Le Républicain lorrain : Le « geste politique » de Mario Rinaldi
Mario Rinaldi en pleine discussion avec une possible électrice : le discoursdu « camp des travailleurs » n'a pas eu vraiment d'accroche sur elle. Photo Karim SIARI
La tête de liste de Lutte ouvrière était à une entrée du marché de Metz-Borny, hier matin. Le parti d'extrême gauche a un positionnement particulier.
« Nous ne sommes pas là pour serrer des pognes. Nous venons proposer un geste politique. » Étienne Hodara est l'un des animateurs de la campagne de Lutte ouvrière. Il ne se voit pas parcourir les allées du marché de Metz-Borny, à dire bonjour à un peu tout le monde. Les membres du parti ont posé écriteaux et drapeaux à l'une des entrées, hier matin. Le ton est tout de suite donné : « Contre le chômage, interdiction des licenciements » est-il possible de lire sur un des écriteaux.

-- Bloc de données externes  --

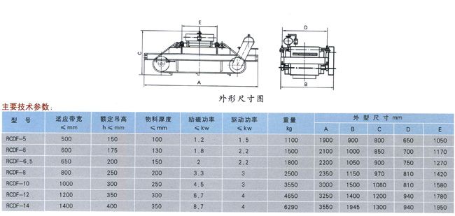 采RCDF系列油冷自卸式電磁除鐵器是在RCDE系列油冷懸掛式電磁除鐵器的基礎(chǔ)上增加了驅(qū)動電機、滾筒、帶刮板的卸鐵膠帶等組成的卸鐵機構(gòu)。具有磁力大、散熱快、防塵、防雨、耐腐蝕、連續(xù)工作、維護費用低等優(yōu)點。問世以來,以操作使用方便、故障率低、維護量小等特點贏得了廣大用戶的好評。
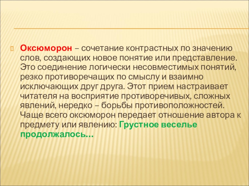представление. Это соединение логически несовместимых понятий, резко противоречащих по смыслу и взаимно исключающих друг друга. Этот прием настраивает читателя на восприятие противоречивых, сложных явлений, нередко – борьбы противоположностей. Чаще всего оксюморон передает отношение автора к предмету или явлению: Грустное веселье продолжалось…
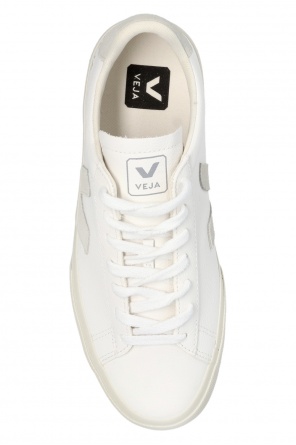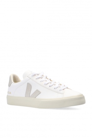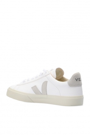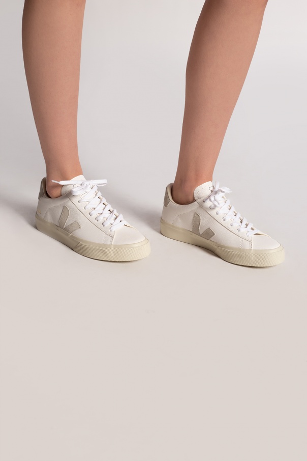Veja的白色Campo运动鞋。无氯皮革质。附系带。浅蓝色绒面革质logo贴片。背面饰有栗色图案。奶油色橡胶鞋底。
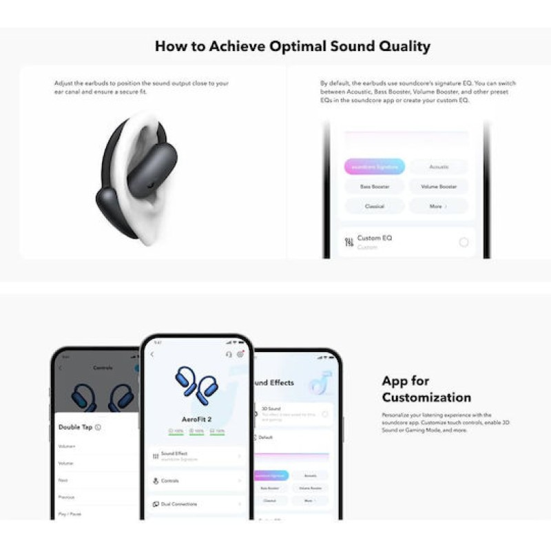 Τα προϊόντα που δεν αναγράφουν διαθέσιμο σημαίνει ότι δεν υπάρχουν άμεσα διαθέσιμα στο κατάστημα και θα παραληφθούν το αργότερο εντός των εργάσιμων ημερών που αναγράφεται στη διαθεσιμότητα. Σε κάθε περίπτωση η ημερομηνία μπορεί να μεταβληθεί και θα υπάρχει σχετική ενημέρωσή σας.Τα Soundcore AeroFit 2 είναι open-ear ασύρματα ακουστικά που σχεδιάστηκαν για άνεση όλη μέρα, χωρίς να “μπαίνουν” μέσα στο αυτί. Χρησιμοποιούν εργονομικά ear hooks με 4 επίπεδα ρύθμισης ώστε να εφαρμόζουν σταθερά σε διαφορετικά σχήματα αυτιών, κάτι που τα κάνει ιδανικά για άθληση και πολύωρη χρήση.Διαθέτουν μεγάλα drivers 20×11.5mm και υποστηρίζουν Hi-Res ασύρματο ήχο με πλούσια μπάσα, ενώ κρατούν τον σχεδιασμό τους “ανοιχτό”, ώστε να ακούς και το περιβάλλον γύρω σου για μεγαλύτερη ασφάλεια στην κίνηση ή στο δρόμο.Η μπαταρία φτάνει περίπου τις 10 ώρες συνεχούς χρήσης και έως 42 ώρες με τη θήκη, ενώ υποστηρίζουν γρήγορη φόρτιση (περίπου 4 ώρες χρήσης σε 10 λεπτά).Συνολικά, τα AeroFit 2 είναι μια πολύ καλή επιλογή για όσους θέλουν άνεση, ασφάλεια και καλό ήχο χωρίς απομόνωση από το περιβάλλον, ειδικά για γυμναστική, δουλειά ή καθημερινές μετακινήσεις.
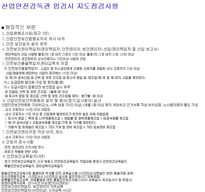 산업안전감독관 임검시 지도점검사항
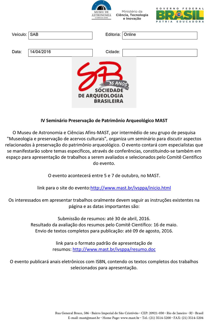SAB | IV Seminário Preservação de Patrimônio Arqueológico MAST
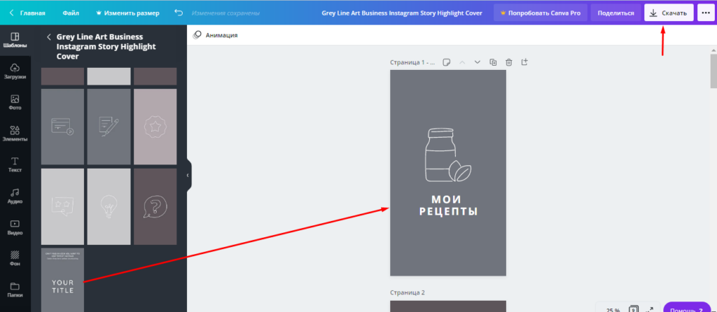 После финальных правок и корректировок сохраняем созданные обложки и загружаем их в хайлайты.
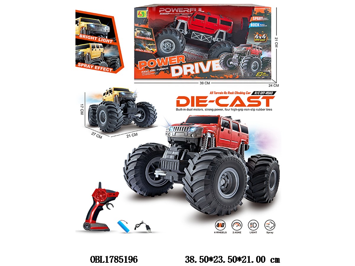 1: 12 four-way remote control vehicle with spray and USB cable body 3.7V lithium battery pack electric remote control 2 * AA without power pack 2.4G frequency 2-color mixed pack
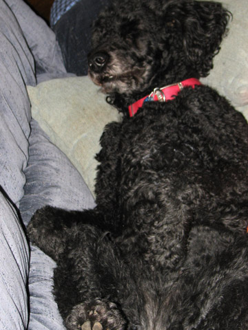 Digging through the picture files on my camera chip and came across this. I have a poodle who has a very good life – better than mine actually, except for that “public pooping out in the cold” part. The biggest responsibility she has is deciding whether she’ll sleep on the couch or on the waterbed, and this is usually determined by the indoor temperature. If it’s warm in the house, she opts for the couch; if it’s colder, she goes in on the heated waterbed. This was taken on a warm day. I took 6 shots with the flash before the damn dog woke up. I feel so much more secure knowing this dog is in the house when I’m here alone. Flat on her back with her legs sprawled wide and comfortable.
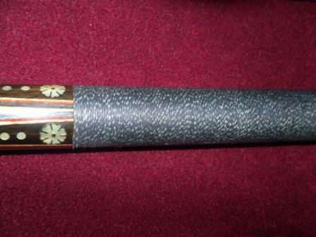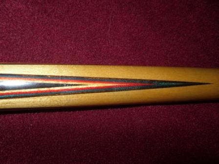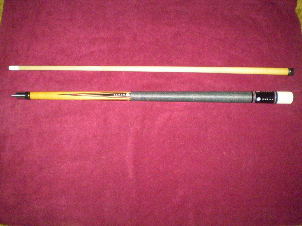 This Palmer cue is from the 1970's 3rd catalog Model #13. All original with no dents or bruises. The finish is thin now and the silver rings are exposed. It appears to have a very thin hair line surface crack in the forearm under the finish. You have to look closely to see it. The cue comes with (2) 12.5 mm shafts a (30 1/4" Perfectly straight-- wt. 4 oz) and a (28 3/4" which has a slight bow--- wt. 3.75 oz). The butt is 28 1/2 " in length from top of the joint to bottom of butt cap and weighs 16 3/8 oz. ........The cue hits solid and is in good condition....... It's a nice looking cue and the price is very reasonable at.......$550.00

Lutte ouvrière mène volontairement une campagne plus générale. Elle parle peu des problèmes locaux avec ceux qui s'arrêtent. « Le problème de la population, c'est le chômage, les licenciements, arriver à joindre les deux bouts, énumère Mario Rinaldi. La municipalité n'a aucun pouvoir en la matière. » La tête de liste joue à domicile, elle habite le quartier.
L'ouvrier de chez Renault-Sovab n'a pas pris de vacances. Il travaille de nuit et vient faire campagne le jour. « La campagne, c'est 24 heures sur 24 », reconnaît-il. Il tend les tracts aux passants. Ils sont peu à les prendre. « Les gens ont beaucoup à dire sur la politique en elle-même, ajoute quand même la tête de liste. Ils sont pas mal écoeurés par les affaires. »
Une femme voilée s'arrête et engage la conversation : « Je suis Française et Messine. Je votais communiste. Mais là, je ne sais pas. » « Nous sommes communistes aussi, vous savez », tente Mario Rinaldi. Elle raconte comment sa décision de porter le voile lui a coûté pour son travail. Elle veut parler de ses préoccupations en tant que musulmane. « Lutte ouvrière est un parti athée », rappelle Étienne Hodara. La discussion prend vite une tournure polémique, bien loin des municipales.
« Très peu de personnes votent », observe encore la dame. « Vous croyez que le vote change quelque chose ? », demande patiemment Mario Rinaldi. Lutte ouvrière ne se fait guère d'illusions sur Metz. Tout au plus, le parti pourrait-il essayer d'avoir quelques conseillers municipaux, « pour être les yeux et les oreilles des travailleurs », précise Étienne Hodara. « Le pouvoir de décision, il n'y a que le maire qui l'a. »
« De toute façon, celui qui arrive au pouvoir, il ment toujours », lance un ancien militaire qui s'arrête pour discuter avec un autre colistier, Thierry Schulz.
Lutte ouvrière a vu aussi passer deux députés, Denis Jacquat et Marie-Jo Zimmermann, en pleine campagne eux aussi. La jovialité souriante de la droite se heurte à la froideur non dissimulée de l'extrême gauche. La candidate UMP s'éloigne dans les allées du marché... serrant les mains avec un plaisir non dissimulé.